◆ **Problem description**:
Write the data out again, character for character, with no images.

◆ **Information shown**:
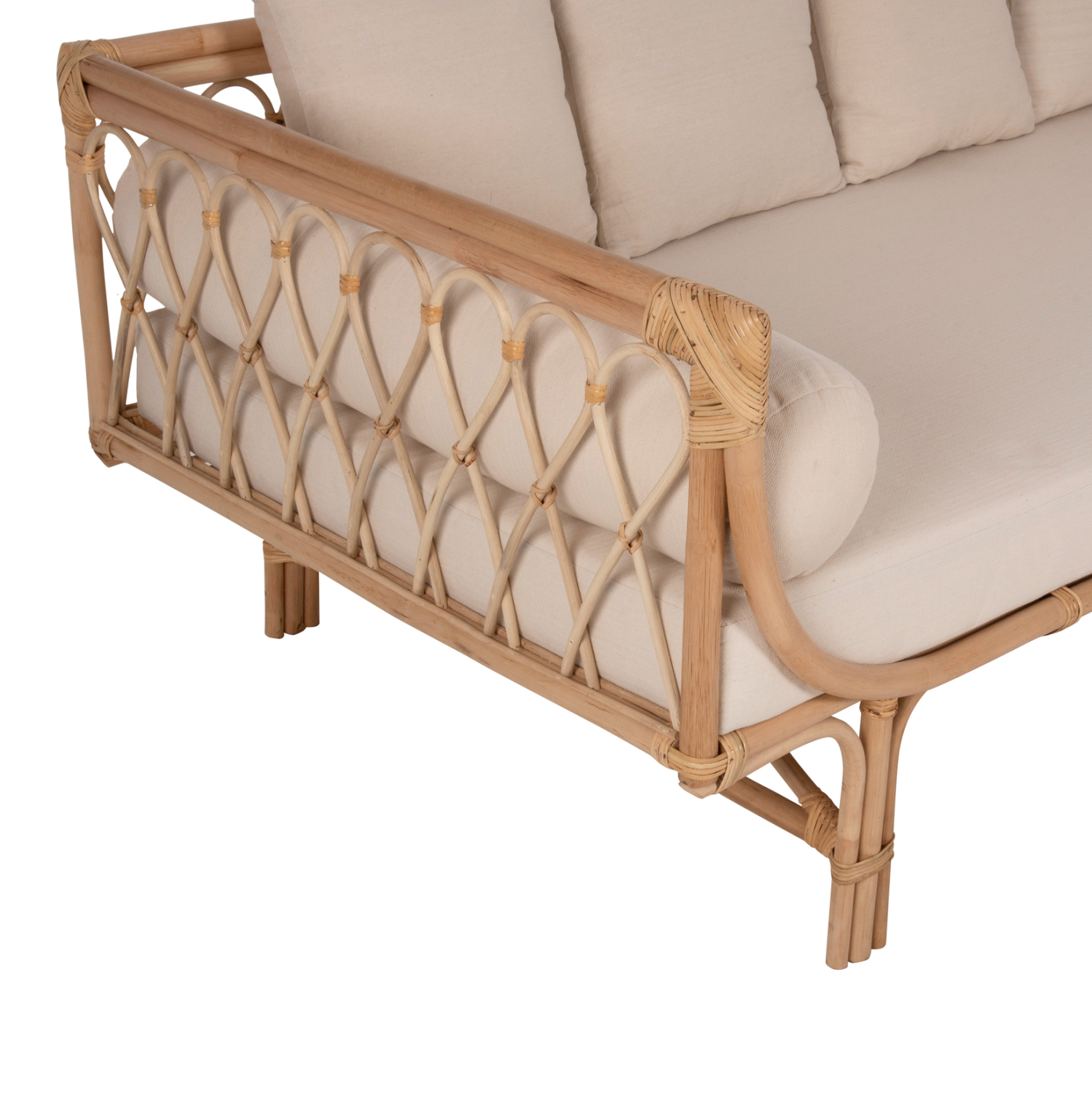 Ο καναπές είναι κατασκευασμένος από φυσικό Rattan. Το Rattan είναι το καλύτερο και το πιο ευρέως χρησιμοποιούμενο φυσικό υλικό για διάφορες κατασκευές. Το Rattan που καλλιεργείται στην Ν.Α. Ασία είναι το ποιοτικότερο και ανθεκτικότερο υλικό από παρόμοια που καλλιεργούνται σε άλλες περιοχές. Με περισσότερα από 600 διαφορετικά είδη, το RATTAN μπορεί να διακριθεί ως ένα ισχυρό ινώδες φυτό που μοιάζει με το μπαμπού και χρησιμοποιείται για ευρέως επειδή είναι ελαφρύ, ανθεκτικό, εύκαμπτο και ελκυστικό.
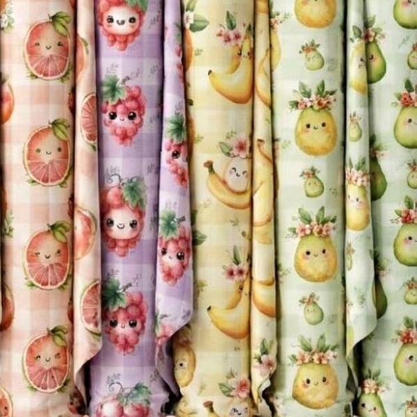 Tecido Tricoline Digital Pêras Fundo Xadrez
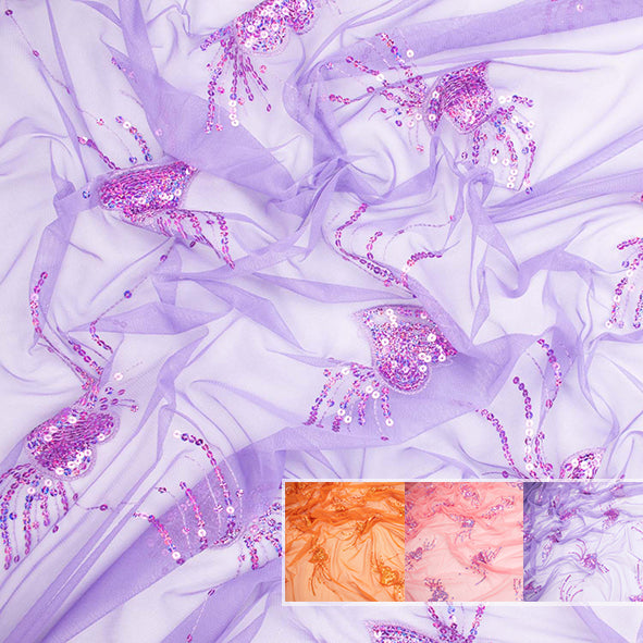 Content: 100% PolyesterWidth: 130cm An embroidered sequin on a soft tulle mesh open background. Reminiscent of...
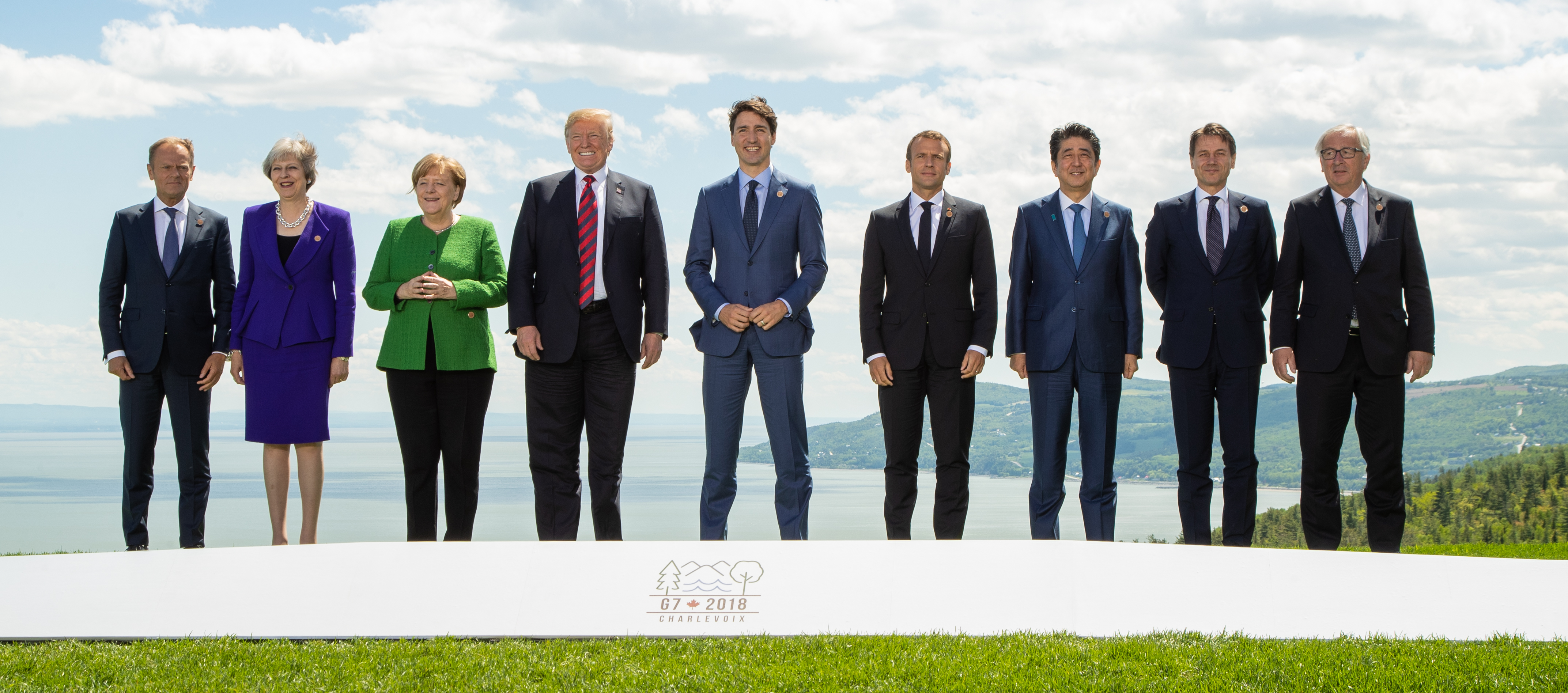 Participants of the Group of Seven (G7) summit European Union Council President Donald Tusk, British Prime Minister Theresa May, German Chancellor Angela Merkel, U.S. President Donald Trump, Canadian Prime Minister Justin Trudeau, French President Emmanuel Macron, Japanese Prime Minister Shinzo Abe, Italian Prime Minister Giuseppe Conte and European Commission President Jean-Claude Juncker (from L to R) pose for a group photo on the first day of the G7 summit in La Malbaie, Quebec, Canada, June 8, 2018. (Xinhua/POOL)

◆ **Task answer**:
 Ο καναπές είναι κατασκευασμένος από φυσικό Rattan. Το Rattan είναι το καλύτερο και το πιο ευρέως χρησιμοποιούμενο φυσικό υλικό για διάφορες κατασκευές. Το Rattan που καλλιεργείται στην Ν.Α. Ασία είναι το ποιοτικότερο και ανθεκτικότερο υλικό από παρόμοια που καλλιεργούνται σε άλλες περιοχές. Με περισσότερα από 600 διαφορετικά είδη, το RATTAN μπορεί να διακριθεί ως ένα ισχυρό ινώδες φυτό που μοιάζει με το μπαμπού και χρησιμοποιείται για ευρέως επειδή είναι ελαφρύ, ανθεκτικό, εύκαμπτο και ελκυστικό.
 Tecido Tricoline Digital Pêras Fundo Xadrez
 Content: 100% PolyesterWidth: 130cm An embroidered sequin on a soft tulle mesh open background. Reminiscent of...
 Participants of the Group of Seven (G7) summit European Union Council President Donald Tusk, British Prime Minister Theresa May, German Chancellor Angela Merkel, U.S. President Donald Trump, Canadian Prime Minister Justin Trudeau, French President Emmanuel Macron, Japanese Prime Minister Shinzo Abe, Italian Prime Minister Giuseppe Conte and European Commission President Jean-Claude Juncker (from L to R) pose for a group photo on the first day of the G7 summit in La Malbaie, Quebec, Canada, June 8, 2018. (Xinhua/POOL)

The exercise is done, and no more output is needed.